TASK STATEMENT:
Only one span of the listing below is wanted: the lines from the one with "Here’s my funny, melty" through the one with "Front Rear Semi-Metallic", reproduced exactly, both ends kept.

DATA FOR REVIEW section start

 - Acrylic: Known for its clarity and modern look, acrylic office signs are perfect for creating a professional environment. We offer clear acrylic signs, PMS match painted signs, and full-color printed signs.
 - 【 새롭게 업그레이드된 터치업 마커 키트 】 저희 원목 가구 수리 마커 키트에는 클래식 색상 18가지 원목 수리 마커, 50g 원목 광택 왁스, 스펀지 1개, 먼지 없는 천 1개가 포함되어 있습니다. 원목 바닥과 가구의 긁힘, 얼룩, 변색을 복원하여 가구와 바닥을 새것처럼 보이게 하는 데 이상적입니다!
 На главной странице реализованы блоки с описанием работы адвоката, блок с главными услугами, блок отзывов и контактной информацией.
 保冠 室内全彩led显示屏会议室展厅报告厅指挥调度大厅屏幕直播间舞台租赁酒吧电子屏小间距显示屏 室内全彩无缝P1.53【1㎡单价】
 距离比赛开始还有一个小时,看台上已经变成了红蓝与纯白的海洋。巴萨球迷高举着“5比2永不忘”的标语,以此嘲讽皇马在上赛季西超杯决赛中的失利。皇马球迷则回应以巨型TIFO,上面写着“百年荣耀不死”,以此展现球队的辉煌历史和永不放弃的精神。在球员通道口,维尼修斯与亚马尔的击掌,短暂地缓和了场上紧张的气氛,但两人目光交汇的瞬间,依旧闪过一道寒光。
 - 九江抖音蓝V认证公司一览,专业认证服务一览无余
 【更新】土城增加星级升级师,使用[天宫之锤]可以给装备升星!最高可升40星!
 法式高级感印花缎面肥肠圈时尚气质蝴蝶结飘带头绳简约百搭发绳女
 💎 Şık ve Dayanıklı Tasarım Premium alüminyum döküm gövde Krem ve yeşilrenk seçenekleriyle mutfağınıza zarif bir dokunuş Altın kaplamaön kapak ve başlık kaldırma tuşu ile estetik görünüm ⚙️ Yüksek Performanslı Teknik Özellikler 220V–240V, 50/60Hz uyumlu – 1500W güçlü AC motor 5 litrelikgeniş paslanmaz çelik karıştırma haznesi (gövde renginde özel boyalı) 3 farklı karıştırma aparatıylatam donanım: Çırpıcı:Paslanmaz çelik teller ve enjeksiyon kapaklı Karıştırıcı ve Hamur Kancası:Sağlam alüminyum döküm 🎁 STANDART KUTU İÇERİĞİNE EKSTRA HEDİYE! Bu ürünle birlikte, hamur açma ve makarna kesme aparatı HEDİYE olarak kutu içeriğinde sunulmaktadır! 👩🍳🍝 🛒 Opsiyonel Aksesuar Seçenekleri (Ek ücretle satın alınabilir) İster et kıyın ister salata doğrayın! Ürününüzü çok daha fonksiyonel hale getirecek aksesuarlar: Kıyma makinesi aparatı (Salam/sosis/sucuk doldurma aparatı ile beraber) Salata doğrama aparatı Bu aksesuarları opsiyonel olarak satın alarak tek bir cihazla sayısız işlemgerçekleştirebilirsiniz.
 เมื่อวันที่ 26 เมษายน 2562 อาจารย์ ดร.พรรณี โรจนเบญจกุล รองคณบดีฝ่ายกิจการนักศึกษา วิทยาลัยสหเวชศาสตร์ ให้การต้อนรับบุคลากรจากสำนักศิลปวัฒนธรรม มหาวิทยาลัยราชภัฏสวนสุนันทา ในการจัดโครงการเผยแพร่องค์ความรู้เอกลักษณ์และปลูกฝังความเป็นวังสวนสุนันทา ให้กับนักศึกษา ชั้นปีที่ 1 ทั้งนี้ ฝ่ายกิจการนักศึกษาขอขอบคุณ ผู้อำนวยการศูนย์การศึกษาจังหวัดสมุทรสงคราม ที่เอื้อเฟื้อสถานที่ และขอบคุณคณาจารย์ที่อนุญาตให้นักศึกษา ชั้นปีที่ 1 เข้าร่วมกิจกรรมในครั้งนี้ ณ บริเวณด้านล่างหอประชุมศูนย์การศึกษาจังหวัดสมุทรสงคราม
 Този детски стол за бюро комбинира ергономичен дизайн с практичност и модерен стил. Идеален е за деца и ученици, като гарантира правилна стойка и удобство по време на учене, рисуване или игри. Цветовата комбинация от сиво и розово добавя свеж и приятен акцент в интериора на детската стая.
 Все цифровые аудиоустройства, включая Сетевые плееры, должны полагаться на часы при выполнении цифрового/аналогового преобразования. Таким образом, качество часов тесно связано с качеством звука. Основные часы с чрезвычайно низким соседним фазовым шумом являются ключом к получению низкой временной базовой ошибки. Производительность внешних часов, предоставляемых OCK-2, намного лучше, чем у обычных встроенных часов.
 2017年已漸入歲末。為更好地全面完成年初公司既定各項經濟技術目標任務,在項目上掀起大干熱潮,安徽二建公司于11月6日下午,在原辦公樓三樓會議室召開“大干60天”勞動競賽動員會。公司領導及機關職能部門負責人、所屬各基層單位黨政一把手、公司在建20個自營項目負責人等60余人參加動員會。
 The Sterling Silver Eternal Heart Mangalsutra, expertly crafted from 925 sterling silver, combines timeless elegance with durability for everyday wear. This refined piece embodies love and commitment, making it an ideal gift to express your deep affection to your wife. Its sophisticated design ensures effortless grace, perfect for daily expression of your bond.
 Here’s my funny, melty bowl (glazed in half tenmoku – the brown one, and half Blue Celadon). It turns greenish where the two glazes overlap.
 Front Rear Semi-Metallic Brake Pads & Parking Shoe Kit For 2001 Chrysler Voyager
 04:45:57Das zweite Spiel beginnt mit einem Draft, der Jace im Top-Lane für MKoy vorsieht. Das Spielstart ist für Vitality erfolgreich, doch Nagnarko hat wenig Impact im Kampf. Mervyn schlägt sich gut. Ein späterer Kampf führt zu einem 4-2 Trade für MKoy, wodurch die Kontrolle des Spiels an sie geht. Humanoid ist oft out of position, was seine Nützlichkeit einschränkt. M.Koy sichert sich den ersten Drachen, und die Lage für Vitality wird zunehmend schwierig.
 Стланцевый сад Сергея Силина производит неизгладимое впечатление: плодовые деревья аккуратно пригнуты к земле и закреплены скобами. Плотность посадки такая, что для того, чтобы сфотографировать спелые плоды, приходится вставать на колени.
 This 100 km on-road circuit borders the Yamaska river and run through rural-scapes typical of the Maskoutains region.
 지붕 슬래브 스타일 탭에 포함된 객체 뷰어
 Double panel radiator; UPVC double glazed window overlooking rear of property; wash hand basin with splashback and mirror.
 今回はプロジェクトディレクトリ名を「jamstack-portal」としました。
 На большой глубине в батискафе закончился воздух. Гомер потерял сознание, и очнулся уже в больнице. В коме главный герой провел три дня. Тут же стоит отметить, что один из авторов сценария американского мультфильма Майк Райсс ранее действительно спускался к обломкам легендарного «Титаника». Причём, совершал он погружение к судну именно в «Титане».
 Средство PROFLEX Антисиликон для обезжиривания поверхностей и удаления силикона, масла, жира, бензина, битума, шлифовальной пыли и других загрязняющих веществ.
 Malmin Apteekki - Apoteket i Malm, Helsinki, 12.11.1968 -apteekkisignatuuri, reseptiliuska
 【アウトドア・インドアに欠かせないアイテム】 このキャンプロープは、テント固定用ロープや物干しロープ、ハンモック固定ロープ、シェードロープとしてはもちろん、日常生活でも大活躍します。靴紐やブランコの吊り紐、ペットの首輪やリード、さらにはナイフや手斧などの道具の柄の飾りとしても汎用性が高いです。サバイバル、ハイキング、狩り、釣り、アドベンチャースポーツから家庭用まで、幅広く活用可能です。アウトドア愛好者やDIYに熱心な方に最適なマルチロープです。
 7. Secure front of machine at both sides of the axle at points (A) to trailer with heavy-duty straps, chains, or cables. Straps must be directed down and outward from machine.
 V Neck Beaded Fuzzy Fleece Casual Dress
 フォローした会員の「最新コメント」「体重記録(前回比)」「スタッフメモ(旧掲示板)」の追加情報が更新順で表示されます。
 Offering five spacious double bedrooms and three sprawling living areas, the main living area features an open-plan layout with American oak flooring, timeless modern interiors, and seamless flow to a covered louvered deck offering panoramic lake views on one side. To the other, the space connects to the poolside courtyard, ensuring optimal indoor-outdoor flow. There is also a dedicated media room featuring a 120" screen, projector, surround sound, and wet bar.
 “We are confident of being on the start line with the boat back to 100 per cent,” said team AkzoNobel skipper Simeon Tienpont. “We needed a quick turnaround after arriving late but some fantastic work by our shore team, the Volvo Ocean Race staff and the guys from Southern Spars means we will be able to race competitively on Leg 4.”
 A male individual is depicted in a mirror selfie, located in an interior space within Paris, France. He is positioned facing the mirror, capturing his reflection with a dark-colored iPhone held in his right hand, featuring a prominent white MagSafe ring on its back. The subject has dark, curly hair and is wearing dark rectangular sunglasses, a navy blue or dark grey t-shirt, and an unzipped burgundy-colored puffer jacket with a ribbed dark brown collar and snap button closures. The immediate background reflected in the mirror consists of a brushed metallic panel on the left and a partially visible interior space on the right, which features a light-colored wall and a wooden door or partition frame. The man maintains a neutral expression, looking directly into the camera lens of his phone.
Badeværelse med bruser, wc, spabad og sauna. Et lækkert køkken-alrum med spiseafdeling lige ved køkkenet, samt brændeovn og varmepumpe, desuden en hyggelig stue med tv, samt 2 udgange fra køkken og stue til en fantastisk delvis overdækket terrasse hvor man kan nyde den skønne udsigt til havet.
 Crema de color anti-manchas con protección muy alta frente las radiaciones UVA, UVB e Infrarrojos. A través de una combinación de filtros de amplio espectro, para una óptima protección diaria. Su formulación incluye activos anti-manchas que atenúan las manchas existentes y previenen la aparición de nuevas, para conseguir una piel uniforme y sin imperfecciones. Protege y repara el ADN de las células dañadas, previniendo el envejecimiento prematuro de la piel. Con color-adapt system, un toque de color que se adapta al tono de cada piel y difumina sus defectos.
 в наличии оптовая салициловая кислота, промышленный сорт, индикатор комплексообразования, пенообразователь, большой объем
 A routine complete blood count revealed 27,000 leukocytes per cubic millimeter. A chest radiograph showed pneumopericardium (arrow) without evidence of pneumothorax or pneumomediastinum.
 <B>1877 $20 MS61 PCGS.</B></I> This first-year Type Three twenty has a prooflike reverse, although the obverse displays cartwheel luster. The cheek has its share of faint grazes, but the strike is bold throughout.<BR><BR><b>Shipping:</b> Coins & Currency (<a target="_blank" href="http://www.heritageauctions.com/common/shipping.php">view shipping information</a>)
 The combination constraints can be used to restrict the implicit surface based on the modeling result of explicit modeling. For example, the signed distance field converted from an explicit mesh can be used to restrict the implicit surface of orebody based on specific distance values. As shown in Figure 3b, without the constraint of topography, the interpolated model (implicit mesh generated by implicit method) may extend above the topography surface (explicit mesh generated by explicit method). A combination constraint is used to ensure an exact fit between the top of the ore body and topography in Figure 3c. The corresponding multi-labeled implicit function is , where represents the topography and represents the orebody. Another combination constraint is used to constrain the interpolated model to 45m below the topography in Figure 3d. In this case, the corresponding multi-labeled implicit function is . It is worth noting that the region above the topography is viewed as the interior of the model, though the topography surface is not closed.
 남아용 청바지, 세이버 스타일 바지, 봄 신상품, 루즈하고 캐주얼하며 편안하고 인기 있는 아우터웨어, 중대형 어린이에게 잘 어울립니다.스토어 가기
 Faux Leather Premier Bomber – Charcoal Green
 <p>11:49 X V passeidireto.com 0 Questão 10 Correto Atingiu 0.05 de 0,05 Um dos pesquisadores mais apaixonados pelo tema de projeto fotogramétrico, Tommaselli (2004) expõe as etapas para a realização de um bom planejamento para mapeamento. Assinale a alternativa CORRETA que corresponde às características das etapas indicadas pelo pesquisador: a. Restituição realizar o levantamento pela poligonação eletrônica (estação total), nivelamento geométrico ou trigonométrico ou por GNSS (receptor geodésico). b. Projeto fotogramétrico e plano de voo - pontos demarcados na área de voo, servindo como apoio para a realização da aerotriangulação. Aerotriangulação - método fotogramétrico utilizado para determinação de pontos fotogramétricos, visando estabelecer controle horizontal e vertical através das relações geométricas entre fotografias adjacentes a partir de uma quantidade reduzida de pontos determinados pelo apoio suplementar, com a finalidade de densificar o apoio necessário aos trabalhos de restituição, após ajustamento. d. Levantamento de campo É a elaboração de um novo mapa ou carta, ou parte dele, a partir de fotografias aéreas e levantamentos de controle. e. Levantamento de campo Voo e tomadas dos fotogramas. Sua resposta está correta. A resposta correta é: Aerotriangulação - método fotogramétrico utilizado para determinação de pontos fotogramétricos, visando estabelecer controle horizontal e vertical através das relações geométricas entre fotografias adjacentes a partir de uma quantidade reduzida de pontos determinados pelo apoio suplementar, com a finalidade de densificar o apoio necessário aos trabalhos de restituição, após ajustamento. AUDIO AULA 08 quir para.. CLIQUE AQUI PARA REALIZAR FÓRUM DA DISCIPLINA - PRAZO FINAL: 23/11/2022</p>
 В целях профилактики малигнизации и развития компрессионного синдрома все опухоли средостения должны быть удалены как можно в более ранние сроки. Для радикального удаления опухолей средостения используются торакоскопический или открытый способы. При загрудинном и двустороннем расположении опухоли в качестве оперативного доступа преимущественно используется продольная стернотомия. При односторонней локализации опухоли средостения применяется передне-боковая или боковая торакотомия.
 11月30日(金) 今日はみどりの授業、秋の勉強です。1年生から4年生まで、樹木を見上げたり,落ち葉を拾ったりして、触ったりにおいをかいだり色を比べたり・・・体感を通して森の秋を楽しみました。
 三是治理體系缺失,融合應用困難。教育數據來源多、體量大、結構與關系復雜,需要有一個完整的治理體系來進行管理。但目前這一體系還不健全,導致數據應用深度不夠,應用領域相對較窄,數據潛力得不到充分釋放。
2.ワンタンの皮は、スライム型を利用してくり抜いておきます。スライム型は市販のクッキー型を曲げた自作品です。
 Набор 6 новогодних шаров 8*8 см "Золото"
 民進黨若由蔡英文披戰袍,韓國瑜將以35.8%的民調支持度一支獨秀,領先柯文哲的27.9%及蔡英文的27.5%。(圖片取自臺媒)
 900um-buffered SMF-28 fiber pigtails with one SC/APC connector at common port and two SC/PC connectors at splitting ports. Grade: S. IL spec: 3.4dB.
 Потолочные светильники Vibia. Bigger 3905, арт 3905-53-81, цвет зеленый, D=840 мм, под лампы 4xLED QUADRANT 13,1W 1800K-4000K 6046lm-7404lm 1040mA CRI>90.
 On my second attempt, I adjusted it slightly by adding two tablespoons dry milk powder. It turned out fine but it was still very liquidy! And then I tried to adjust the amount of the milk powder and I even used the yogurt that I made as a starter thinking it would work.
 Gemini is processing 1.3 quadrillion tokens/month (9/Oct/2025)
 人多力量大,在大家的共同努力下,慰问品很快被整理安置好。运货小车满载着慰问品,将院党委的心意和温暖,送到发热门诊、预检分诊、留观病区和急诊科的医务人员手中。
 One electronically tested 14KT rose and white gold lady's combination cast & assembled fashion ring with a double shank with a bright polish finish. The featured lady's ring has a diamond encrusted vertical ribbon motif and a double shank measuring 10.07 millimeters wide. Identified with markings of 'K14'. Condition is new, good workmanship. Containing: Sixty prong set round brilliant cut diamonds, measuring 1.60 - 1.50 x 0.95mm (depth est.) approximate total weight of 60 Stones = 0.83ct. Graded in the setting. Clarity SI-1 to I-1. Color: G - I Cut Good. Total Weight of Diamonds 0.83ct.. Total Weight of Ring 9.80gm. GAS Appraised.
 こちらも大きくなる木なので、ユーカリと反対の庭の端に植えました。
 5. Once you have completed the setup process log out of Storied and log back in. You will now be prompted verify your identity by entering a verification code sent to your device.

DATA FOR REVIEW section end

SOLUTION TO THE PROBLEM:
 Here’s my funny, melty bowl (glazed in half tenmoku – the brown one, and half Blue Celadon). It turns greenish where the two glazes overlap.
 Front Rear Semi-Metallic Brake Pads & Parking Shoe Kit For 2001 Chrysler Voyager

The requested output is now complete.